Серое, затянутое облаками небо нагоняло тоску. Вокруг не было ни души, только красноватая равнина, на которой даже трава росла неохотно, сбиваясь в небольшие зеленые островки.
Четверть часа мы меряли шагами асфальт. Боб молчал. После блокпоста он, кажется, вообще не проронил ни слова. Наконец я не выдержал и поинтересовался, когда мы начнем спускаться в каньон? Боб долго соображал и морщил лоб, а потом спросил, зачем нам туда лезть? Тут уже пришла моя очередь соображать и хмурится. Я осторожно уточнил, как же изучать территорию, если не спускаться? С расстояния, что ли? И тут Боб просветлел. Учёный растолковал мне, что территория «Парадокс» – это не дно каньона, а его край. Кромка и прилегающее плато.
Сперва я удивился, но потом понял: а ведь никто и не говорил насчёт самого каньона. Просто я почему-то был уверен, что загадочная аномалия именно в ущелье, а не рядом.
Ну, тем проще.
Спустя час мы приблизились к месту. Ещё издали я заметил несколько палаток и людей между ними.
Приблизившись к лагерю, мы разошлись: Боб, извинившись, направился к одному из тентов по своим делам, а я решил хорошенько осмотреться. Честно говоря, я даже обрадовался, что американцу понадобилось отлучиться: не люблю, когда над душой висят.
Территория «Парадокс» лежала на холмистом глинистом плато диаметром около двух километров. По периметру она была размечена вешками с красными флажками из светоотражающей материи.
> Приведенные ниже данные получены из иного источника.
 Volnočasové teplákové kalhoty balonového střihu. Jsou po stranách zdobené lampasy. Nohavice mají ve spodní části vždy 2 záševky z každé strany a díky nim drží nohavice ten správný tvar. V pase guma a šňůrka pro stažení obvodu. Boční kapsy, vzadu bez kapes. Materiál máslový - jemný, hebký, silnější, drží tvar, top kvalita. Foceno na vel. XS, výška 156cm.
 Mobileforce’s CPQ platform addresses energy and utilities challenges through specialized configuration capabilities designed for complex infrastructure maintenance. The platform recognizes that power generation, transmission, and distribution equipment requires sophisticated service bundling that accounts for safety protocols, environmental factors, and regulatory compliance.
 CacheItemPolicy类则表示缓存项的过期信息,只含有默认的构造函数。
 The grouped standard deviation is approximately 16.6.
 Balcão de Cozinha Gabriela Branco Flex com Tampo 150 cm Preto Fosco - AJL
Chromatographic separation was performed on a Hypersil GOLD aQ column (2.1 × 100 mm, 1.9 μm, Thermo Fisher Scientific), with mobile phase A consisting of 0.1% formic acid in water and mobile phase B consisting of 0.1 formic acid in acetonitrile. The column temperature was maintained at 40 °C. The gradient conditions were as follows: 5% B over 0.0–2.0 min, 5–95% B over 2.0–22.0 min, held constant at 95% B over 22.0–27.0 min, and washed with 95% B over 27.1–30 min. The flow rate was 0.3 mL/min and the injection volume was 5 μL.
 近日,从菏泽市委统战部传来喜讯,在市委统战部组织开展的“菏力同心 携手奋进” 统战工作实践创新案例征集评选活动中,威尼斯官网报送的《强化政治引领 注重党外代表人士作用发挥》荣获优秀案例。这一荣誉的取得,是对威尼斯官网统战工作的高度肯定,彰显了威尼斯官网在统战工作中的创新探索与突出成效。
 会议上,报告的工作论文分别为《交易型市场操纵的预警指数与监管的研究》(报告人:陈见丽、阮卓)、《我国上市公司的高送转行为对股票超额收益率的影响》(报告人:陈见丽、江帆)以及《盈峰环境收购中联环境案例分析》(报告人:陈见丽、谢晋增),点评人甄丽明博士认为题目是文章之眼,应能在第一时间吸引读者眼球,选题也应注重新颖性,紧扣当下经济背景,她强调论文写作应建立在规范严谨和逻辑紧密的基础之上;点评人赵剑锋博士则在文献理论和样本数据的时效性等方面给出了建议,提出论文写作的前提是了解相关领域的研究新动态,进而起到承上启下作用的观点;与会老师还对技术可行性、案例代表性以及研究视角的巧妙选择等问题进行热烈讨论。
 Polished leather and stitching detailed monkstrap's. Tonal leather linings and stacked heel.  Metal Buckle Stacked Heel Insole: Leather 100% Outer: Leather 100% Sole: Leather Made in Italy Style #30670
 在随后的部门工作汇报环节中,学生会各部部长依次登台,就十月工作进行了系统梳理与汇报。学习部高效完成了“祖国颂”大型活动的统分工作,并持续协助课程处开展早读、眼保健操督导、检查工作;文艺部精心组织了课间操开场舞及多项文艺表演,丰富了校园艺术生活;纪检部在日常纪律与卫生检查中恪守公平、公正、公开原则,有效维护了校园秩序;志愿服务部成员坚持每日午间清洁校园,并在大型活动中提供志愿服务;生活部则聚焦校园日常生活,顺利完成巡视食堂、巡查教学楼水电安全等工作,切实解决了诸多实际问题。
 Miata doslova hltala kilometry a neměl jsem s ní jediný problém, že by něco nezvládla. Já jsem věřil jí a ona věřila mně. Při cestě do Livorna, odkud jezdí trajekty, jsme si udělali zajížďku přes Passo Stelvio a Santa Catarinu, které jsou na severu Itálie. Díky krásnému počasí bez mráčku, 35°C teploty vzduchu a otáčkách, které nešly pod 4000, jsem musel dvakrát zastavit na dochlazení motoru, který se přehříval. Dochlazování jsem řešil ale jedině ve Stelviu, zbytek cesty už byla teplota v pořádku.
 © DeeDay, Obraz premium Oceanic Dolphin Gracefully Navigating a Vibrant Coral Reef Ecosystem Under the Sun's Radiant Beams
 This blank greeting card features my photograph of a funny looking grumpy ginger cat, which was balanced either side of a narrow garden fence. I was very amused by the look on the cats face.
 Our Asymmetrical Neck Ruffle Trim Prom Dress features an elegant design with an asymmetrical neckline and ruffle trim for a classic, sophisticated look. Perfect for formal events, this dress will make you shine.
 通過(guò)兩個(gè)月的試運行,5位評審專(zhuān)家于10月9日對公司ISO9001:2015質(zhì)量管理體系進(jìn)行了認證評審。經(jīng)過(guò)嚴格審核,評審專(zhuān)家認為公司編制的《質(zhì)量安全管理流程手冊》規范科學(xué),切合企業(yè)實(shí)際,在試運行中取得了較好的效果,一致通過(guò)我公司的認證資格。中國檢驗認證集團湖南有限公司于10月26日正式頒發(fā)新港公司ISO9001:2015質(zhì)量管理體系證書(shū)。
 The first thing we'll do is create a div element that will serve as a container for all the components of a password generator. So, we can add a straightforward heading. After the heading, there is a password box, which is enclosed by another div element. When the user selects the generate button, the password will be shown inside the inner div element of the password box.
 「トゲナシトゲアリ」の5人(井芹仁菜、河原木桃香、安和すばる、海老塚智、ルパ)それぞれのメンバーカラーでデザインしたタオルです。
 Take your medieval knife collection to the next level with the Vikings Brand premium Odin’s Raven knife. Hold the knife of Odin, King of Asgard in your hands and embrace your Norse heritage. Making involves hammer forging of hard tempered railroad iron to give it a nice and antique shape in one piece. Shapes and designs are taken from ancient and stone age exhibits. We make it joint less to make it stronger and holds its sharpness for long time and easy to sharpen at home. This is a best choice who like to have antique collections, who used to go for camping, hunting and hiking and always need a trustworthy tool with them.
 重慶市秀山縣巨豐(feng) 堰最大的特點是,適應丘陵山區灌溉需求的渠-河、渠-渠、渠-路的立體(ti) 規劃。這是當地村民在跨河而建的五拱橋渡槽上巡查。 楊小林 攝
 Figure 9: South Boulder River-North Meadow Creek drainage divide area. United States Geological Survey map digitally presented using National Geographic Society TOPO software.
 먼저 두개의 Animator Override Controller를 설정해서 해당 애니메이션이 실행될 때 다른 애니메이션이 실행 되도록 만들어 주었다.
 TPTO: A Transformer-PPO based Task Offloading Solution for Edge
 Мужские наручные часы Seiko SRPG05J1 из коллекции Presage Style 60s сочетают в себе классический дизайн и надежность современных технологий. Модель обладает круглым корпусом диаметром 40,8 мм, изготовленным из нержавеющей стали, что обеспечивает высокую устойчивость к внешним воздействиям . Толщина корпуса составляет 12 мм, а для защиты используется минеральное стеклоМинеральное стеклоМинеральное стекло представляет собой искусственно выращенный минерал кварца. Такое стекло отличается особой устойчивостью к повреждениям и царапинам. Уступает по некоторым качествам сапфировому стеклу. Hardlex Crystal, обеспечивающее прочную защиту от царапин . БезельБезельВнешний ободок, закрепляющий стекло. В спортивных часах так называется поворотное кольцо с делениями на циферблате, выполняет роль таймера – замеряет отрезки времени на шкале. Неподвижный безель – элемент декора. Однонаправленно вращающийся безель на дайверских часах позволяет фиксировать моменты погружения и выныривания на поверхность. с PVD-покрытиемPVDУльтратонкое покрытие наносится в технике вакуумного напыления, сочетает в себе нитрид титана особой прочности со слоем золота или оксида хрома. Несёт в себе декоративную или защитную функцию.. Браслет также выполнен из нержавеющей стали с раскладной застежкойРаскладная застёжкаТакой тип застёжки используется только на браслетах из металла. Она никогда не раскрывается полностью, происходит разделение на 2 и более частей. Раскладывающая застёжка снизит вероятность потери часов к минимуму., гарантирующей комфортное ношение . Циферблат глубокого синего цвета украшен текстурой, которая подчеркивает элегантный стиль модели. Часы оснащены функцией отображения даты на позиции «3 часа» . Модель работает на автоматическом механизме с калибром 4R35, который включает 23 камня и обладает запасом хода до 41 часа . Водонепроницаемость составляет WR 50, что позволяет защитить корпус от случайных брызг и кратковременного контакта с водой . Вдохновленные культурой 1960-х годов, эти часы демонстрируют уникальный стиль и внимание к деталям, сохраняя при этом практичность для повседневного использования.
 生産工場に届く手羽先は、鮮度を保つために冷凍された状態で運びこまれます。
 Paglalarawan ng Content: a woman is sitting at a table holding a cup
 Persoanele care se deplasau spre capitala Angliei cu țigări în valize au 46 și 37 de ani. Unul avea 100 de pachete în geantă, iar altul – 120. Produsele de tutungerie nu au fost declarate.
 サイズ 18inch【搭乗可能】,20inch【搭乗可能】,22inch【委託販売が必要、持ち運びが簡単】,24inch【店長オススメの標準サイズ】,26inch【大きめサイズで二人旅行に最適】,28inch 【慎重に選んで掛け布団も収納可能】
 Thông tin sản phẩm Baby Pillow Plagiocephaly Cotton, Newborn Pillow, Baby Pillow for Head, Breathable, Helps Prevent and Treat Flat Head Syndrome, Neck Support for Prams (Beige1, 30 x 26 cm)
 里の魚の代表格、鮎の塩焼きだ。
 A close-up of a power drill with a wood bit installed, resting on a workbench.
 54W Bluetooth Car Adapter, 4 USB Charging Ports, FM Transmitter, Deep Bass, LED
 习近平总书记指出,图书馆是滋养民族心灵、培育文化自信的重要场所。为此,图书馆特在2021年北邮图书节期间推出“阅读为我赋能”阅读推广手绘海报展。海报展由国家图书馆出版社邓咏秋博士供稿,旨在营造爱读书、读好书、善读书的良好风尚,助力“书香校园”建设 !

С правой стороны участок ограничивал крутой обрыв, слева – пролесок.
Людей тут было немного: с полдюжины военных и десятка полтора в штатском. Скорее всего, эти штатские и были учёные из разных стран.
Я походил, понаблюдал. Практически все здесь держались обособленно друг от друга. Лишь пару раз несколько человек сходились вместе. И то ненадолго.